Текст книги "Жизнь начинается сегодня"
Автор книги: Иссак Гольдберг
сообщить о нарушении
Текущая страница: 2 (всего у книги 18 страниц)
– Кровопийцы! На нашей кровушке жиреют! Нашим потом живут!.. Грабители!
– Какие ж они грабители? – огорчалась она. – Они с умом живут. Чисто. Им удача идет. А ежели на них люди работают, так не задарма же! Им польза, да и люди кормятся, питаются коло них!
И когда пошло раскулачивание, и деревня перетряхнула все добро у Устиньи Гавриловны и, перетряхнув, ахнула от обилия и богатства кулацкого двора, Марья пожалела Устинью Гавриловну. Марья пожалела, что вот разоряют богатое, крепкое, со всех сторон по-хорошему и умно налаженное хозяйство. Правда, у нее где-то далеко-далеко в сознании шевельнулась остренькая зависть к Никанору и его жене, которые сумели сколотить себе такое добро. Но жалость к обиженной Устинье Гавриловне пересилила эту зависть. С широко раскрытым, переполненным жалостью сердцем пришла она к старухе на Балахню. И тут они обе поплакали досыта.
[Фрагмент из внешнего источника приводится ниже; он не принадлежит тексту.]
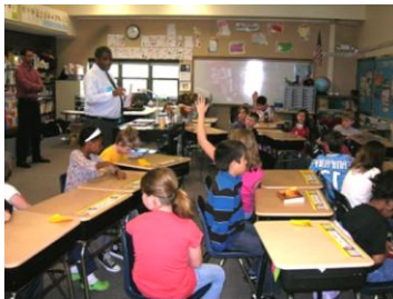
Brennan graduate alumnus works with local grade school children in the Center for Economic Education's "teach children to save day."

We will create educational frameworks, materials, processes and environments that enable effective learning experiences for responsible leadership.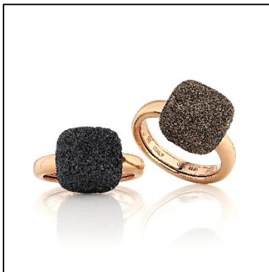
Polvere di Sogni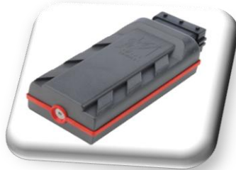
Diesel Power Module

Module Setting: Recommend “C” Setting for Optimal Performance.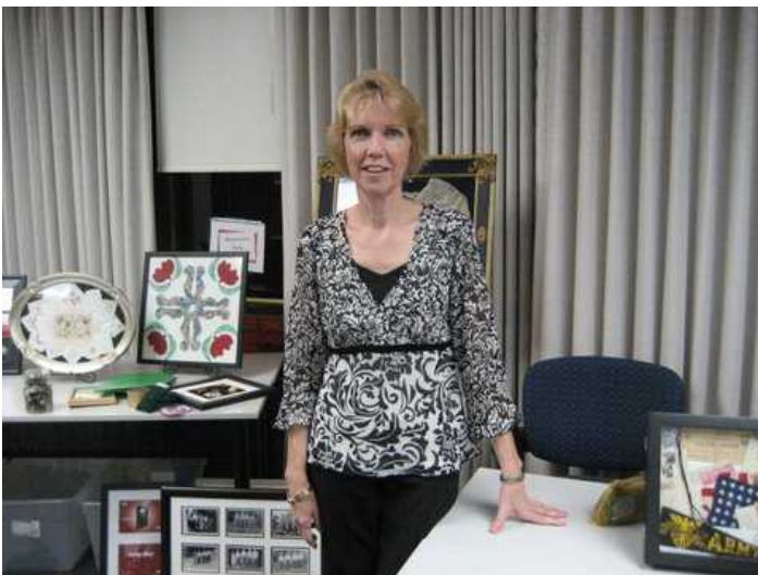
Toni spoke on Show off your Stuff: Displaying Family Heirlooms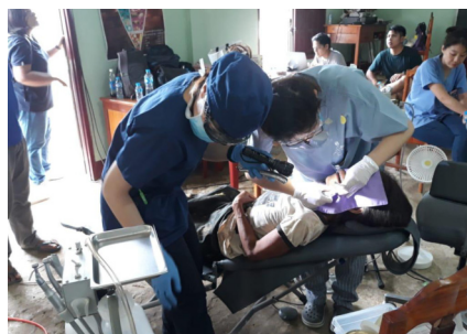
Dentists at work

This is just a snapshot of some of the ways in which InterServe International is involved in seeking opportunities for dental professionals to use their skills alongside others in which the gospel can be shared both in word and deed. Of course, there are many opportunities that arise throughout Asia and the Arab World and not only long term. There are a number of opportunities for people to be

А соседи глумились над слезами, над жалобами кулачихи. Соседи были безжалостны.
– Ишь! – толковали они, присматриваясь к тому, как притихла, прибеднилась и оробела старуха. – Ишь, какая сирота казанская! Приставляется-то как! Поди Никанор не мало с собою добра унес!.. Хватит им на дожитье!
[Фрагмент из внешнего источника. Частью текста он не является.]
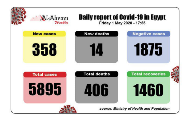
A daily report of Covid-19 in Egypt, May 1, 2020 (Al-Ahram Weekly)<sup>7</sup>

The government has warned Egyptians to be cautious about consuming "fake news" produced by the Muslim Brotherhood or by the foreign media.<sup>5</sup> The Egyptian parliament's decision to expand the emergency laws on April 22 in response to the coronavirus outbreak and to take steps such as suspending schools suggests that the crisis is more serious than the government is willing to admit.<sup>6</sup>

– Не без этого!.. Хозяйство у них отняли, а денег-то не нашли! Деньги с Никанором уплыли!..
Марья не верила. Ей казалось, что деревня несправедливо судит о Никаноре. Она была уверена, что никаноровских разорили дотла и что у них ничего не осталось. И уверенность эта тянула ее доброе сердце к старухе.
Но время шло, и Марья стала порою примечать, что Устинья Гавриловна в чем-то хитрит пред ней, что слезы ее очень быстро высыхают, что она слишком быстро переходит от слез, от жалоб к уверенной и даже веселой улыбке, и чем дальше, тем спокойней говорит о своем будущем. И у Марьи шевельнулось какое-то неловкое досадное чувство. И это неловкое чувство к Устинье Гавриловне окрепло и стало большим, когда старуха рассказала о проделке сына, об его отречении. В этой проделке Марья не все поняла, не все ей было ясно и доступно, но одно хорошо уразумела она: что тут какой-то нехороший обман.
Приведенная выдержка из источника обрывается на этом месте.